- [Required work] In the data below, set down exactly the lines from the one containing "Pulsujące światła neonów, tańczące" up to and including the one containing "티몬에서는 김장 기 행사가". Leave the pictures out.

- [Information provided]
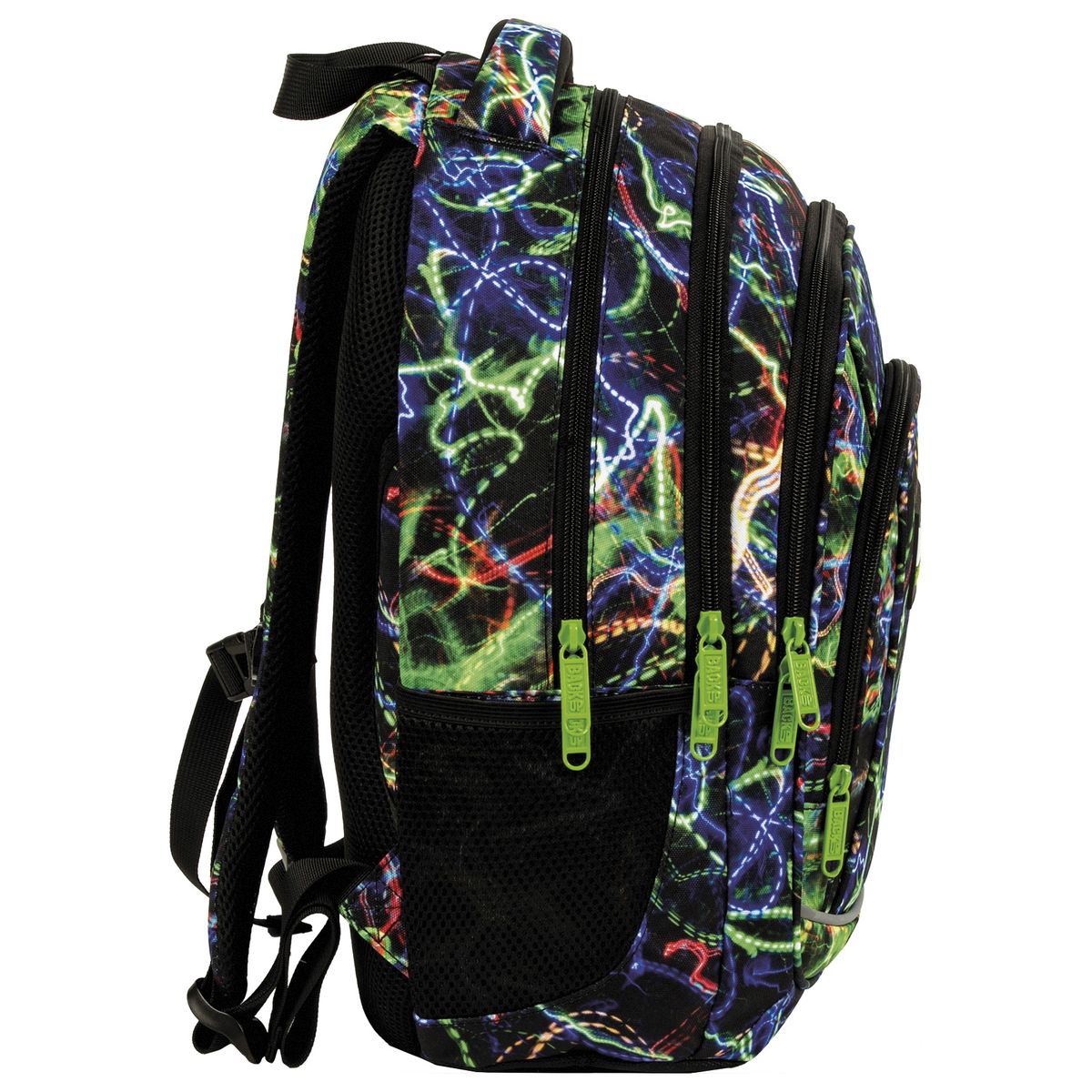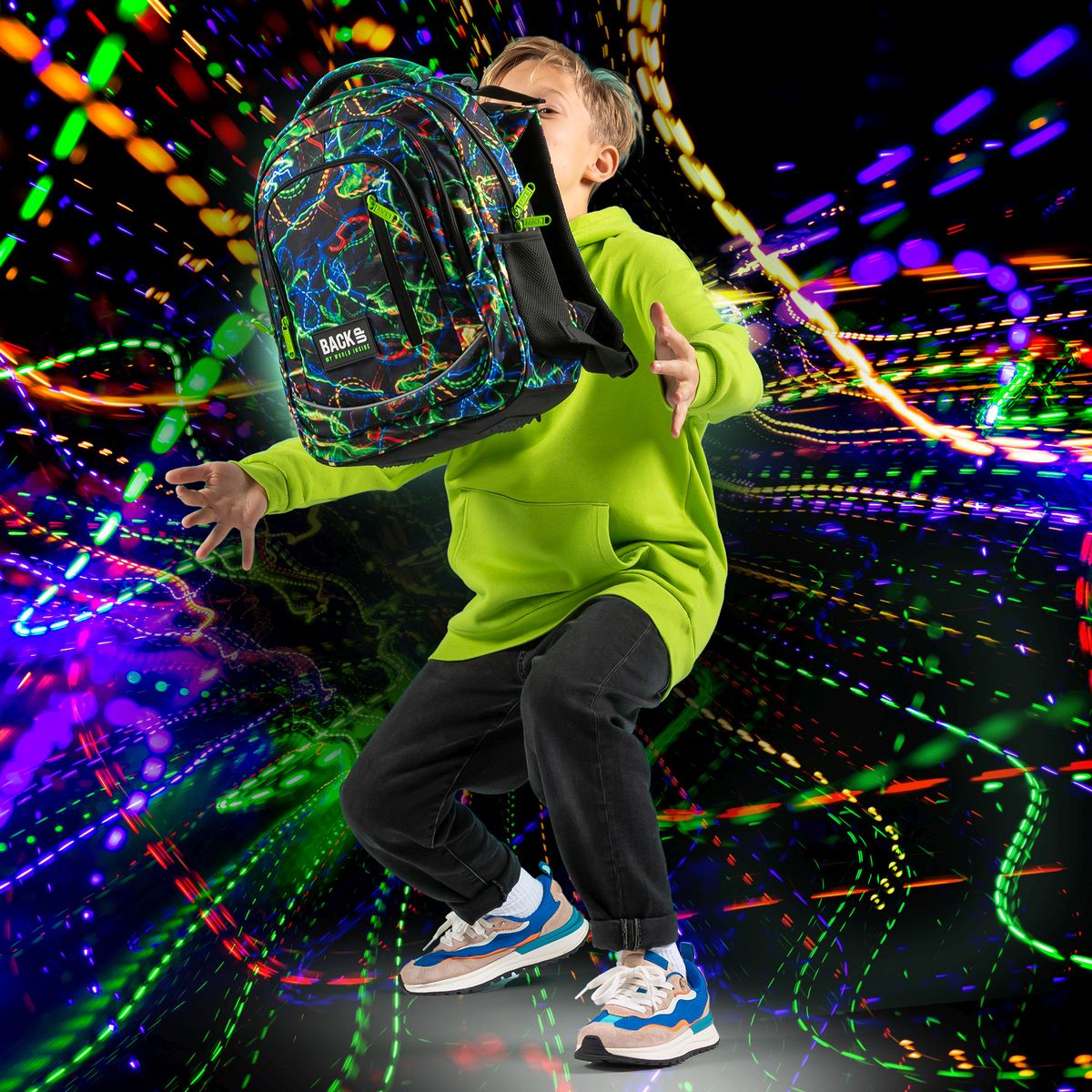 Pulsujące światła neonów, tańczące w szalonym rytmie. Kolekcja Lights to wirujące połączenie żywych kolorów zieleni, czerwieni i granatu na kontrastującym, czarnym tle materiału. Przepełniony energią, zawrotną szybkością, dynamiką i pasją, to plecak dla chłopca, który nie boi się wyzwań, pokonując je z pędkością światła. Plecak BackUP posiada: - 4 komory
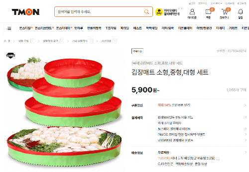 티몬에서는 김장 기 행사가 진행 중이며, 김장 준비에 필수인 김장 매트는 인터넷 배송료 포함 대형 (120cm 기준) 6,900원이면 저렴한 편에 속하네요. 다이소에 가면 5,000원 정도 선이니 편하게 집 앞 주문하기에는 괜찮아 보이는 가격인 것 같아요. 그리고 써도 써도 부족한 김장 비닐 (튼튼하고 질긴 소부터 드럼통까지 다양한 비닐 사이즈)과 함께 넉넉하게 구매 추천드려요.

---

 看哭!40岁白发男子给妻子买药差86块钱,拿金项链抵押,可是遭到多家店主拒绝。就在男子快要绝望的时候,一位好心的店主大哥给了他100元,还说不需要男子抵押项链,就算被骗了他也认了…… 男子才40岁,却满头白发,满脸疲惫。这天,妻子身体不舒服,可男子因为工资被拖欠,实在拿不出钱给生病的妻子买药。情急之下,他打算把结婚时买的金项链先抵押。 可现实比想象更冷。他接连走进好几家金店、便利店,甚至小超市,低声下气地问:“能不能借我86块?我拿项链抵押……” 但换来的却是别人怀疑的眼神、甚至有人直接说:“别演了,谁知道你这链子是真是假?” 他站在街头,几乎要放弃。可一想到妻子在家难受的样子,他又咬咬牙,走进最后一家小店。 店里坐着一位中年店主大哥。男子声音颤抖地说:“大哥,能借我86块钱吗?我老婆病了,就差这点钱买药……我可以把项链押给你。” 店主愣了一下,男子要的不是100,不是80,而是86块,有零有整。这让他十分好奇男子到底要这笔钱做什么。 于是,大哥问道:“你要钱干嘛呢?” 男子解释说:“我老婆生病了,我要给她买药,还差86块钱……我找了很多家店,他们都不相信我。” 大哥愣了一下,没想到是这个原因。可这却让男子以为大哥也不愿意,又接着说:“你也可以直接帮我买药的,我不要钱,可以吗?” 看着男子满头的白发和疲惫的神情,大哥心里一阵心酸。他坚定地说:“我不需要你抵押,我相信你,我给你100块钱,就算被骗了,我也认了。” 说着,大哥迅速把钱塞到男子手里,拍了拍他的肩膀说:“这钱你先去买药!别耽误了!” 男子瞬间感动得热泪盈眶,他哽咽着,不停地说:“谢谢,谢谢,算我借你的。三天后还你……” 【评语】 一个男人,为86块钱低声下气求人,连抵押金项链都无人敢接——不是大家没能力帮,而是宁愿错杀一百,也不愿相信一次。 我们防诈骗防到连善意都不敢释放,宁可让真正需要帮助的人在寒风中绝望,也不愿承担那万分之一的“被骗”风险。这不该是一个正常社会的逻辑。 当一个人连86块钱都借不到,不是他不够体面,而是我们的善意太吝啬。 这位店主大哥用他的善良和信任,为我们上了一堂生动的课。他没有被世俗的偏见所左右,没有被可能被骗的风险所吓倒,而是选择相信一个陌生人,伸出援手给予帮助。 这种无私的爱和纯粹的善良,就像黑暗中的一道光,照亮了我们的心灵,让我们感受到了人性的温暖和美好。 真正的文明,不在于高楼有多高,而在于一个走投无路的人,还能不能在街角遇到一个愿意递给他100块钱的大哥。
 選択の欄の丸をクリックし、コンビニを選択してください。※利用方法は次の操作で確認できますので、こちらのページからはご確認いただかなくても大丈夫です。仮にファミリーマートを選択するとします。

- [Response below]
 Pulsujące światła neonów, tańczące w szalonym rytmie. Kolekcja Lights to wirujące połączenie żywych kolorów zieleni, czerwieni i granatu na kontrastującym, czarnym tle materiału. Przepełniony energią, zawrotną szybkością, dynamiką i pasją, to plecak dla chłopca, który nie boi się wyzwań, pokonując je z pędkością światła. Plecak BackUP posiada: - 4 komory
 티몬에서는 김장 기 행사가 진행 중이며, 김장 준비에 필수인 김장 매트는 인터넷 배송료 포함 대형 (120cm 기준) 6,900원이면 저렴한 편에 속하네요. 다이소에 가면 5,000원 정도 선이니 편하게 집 앞 주문하기에는 괜찮아 보이는 가격인 것 같아요. 그리고 써도 써도 부족한 김장 비닐 (튼튼하고 질긴 소부터 드럼통까지 다양한 비닐 사이즈)과 함께 넉넉하게 구매 추천드려요.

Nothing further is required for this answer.